Four years later, when the second volume was issued, he was brutally honest about the circumstances of the last piece to be recorded, 'Strictly Genteel'. "The performance included here was recorded in the last hour of the last session of the last night. .. with no possibility of overtime (at any price) to correct mistakes. During the final 'rest period' just before the big push to get a good take, the entire trumpet section decided to visit a pub across the street. They returned 15 minutes late. No recording could be done without them. The orchestra refused to spend another 15 minutes at the end of the session to make up for their glowing brass section neighbours. I have done as much as possible to enhance this fine British 'craftsmanship' (at least 50 edits in 6.53), but to no avail . . . the 'human element' remains intact."
Nagano was diplomatic: "Costs make Frank's works very difficult for a traditional institution to mount. They call for huge orchestras much larger than normal, and the scores are expensive to produce. They're difficult from a technical standpoint, and that requires much more rehearsal time than a standard repertoire piece."33 Fewer visits to the pub and a professional observation of working hours, especially when the composer is footing the bill, would also have been appreciated.
INFIDELS
Before Christmas, Frank had given Robin Denselow a list of his projects: "There's a new album, The Man From Utopia, due out in two weeks, then I've just finished three film treatments and a treatment for a Broadway show. I've made a deal for an animated TV show on 'Valley Girl'. I've finished an 88-minute film, , involving live concert footage and animation, there are two other 90-minute videos . . . I've waded through 300 of the 400 reels of tape from our last tour and there's enough for five albums there . . "
He also told of a late-night visitor one recent December: "I get a lot of weird calls [at home], and some
one suddenly called up saying, 'This is Bob Dylan, I want to play you my new songs.' Now, I've never met him and I don't know his voice, but I looked at the video screen to see who was at the gate, and there, in the freezing cold, was a figure with no coat and an open shirt. I sent someone down to check to make sure it was not a Charles Manson, but it was him."
Dylan was led down to the studio, where he sat at the piano and played 11 songs and then asked Frank to produce his next album. "It could be funny," Frank grinned. "It's so ridiculous and off the wall that I feel I should do it. He doesn't have much of a sense of humour, but his new sounds are nice, so I'd like to produce them, though it would be a bit of an adjustment. I said he should sub-contract out the songs to Giorgio Moroder. I said he should do a complete synthesiser track and Dylan should play guitar and harmonica over the top."35
For Dylan, that would have been over the top. He later maintained that the project foundered because Frank asked for too much money and wanted to use his own musicians. In any event, Frank didn't hear from him again and the new album, Infidels, was recorded with co-producer Mark Knopfler and Mick Taylor on guitars, and Robbie Shakespeare and Sly Dunbar provided the propulsion.
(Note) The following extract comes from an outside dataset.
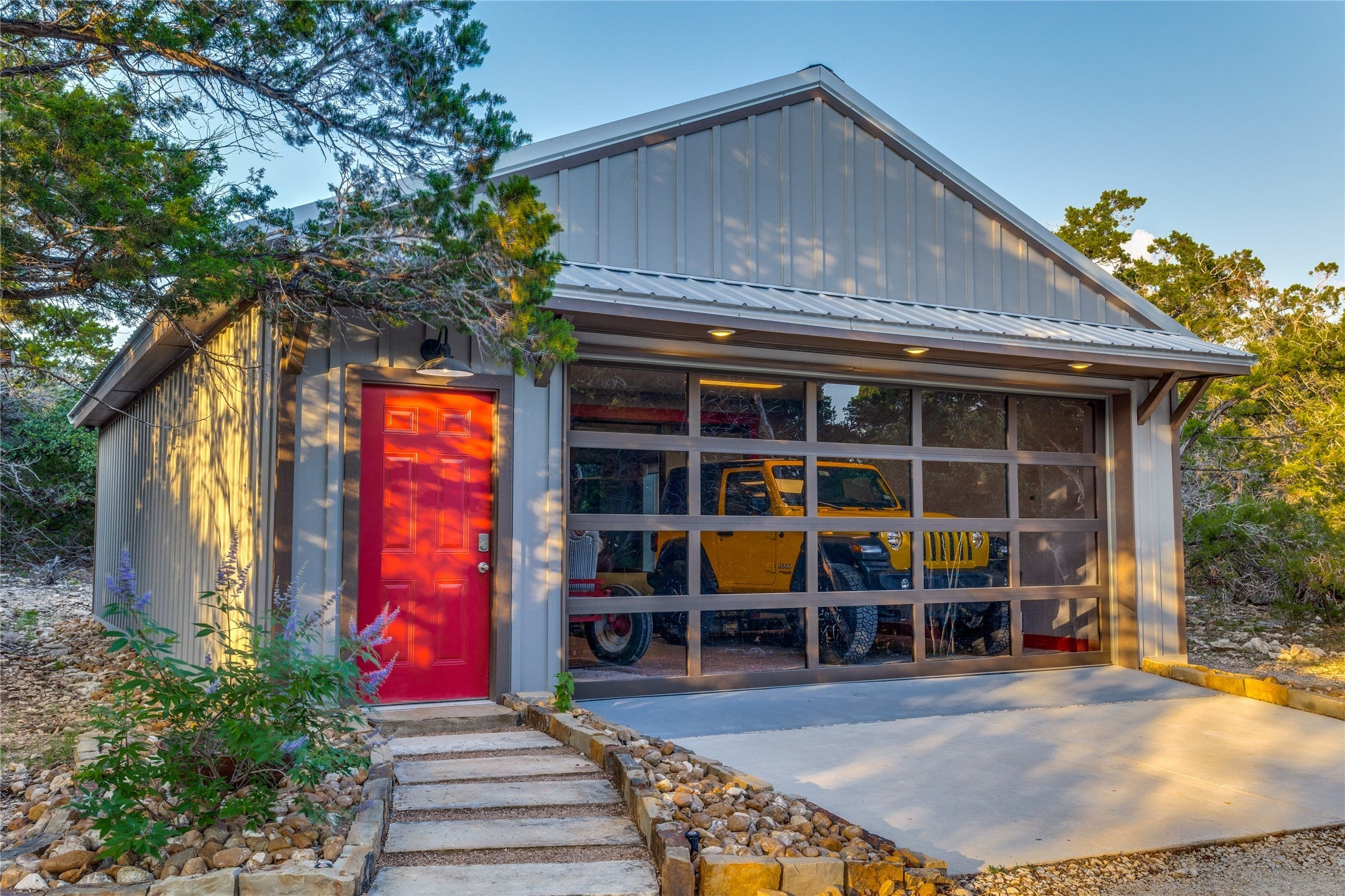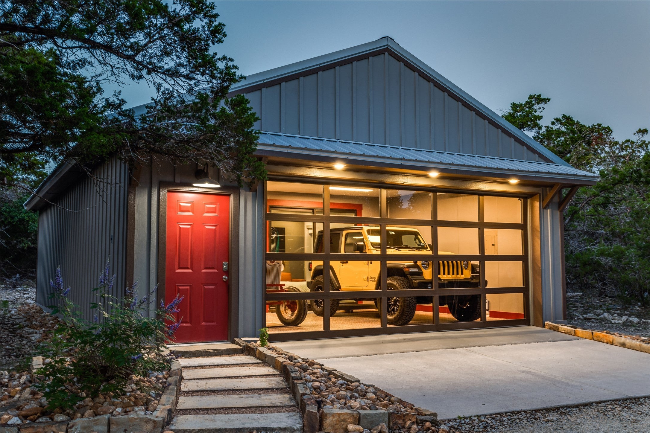 Big Texan Sky has everything you could want in a Hill Country home. Step inside to a stunning view- the floor to ceiling windows overlook 8.5, AG exempt acres. The main home consists of 2 bedrooms and 2.5 baths. The architect and sellers put careful thought into the design aesthetics when creating this 'Hill Country Modern' home. With recent updates that include new flooring and a freshly painted interior. All furniture remains making this a convenient turnkey property. The style extends to the native landscaping and outdoor entertaining areas with a stone encased spa, perfect for relaxing to enjoy the sunset. Just below that sits a fire pit for hosting larger parties. The sellers have cleared a nature path for ease of exploration on the property. To call this 26' X 40' simply a garage, would be an understatement. Not only is there space for 3 cars, epoxy shield flooring, and an insulated and automatic glass garage door, but it also includes 22' X 14' living quarters appointed with a full bath with a spa like walk-in shower. This space includes a king size bed and full size couch. Your guest will not want to leave. Big Texan Sky has been operating as a vacation rental for several years with incredible reviews. This could continue as an income-producing property with potential to grow or work for anyone looking for a truly unique home surrounded by breathtaking views and peaceful quiet.

By then, there were two new Zappa albums on the market. The Man From Utopia, as good a description of the position Frank found himself in as any, was released in March 1983. Its cover painting, by Gaetano Liberatore, depicted a massively muscled and snarling Frank as a clone of 'RanXerox', the robotic hero of a political comic strip 'Tanino' drawn for the Italian magazine, Frigidaire. His left hand has crushed the neck of his Stratocaster, while with the right he tries to swat the mosquitoes that beset the band at the Parco Redecesio in Milan. Behind him, a signpost indicates some of the other Italian towns the band played in.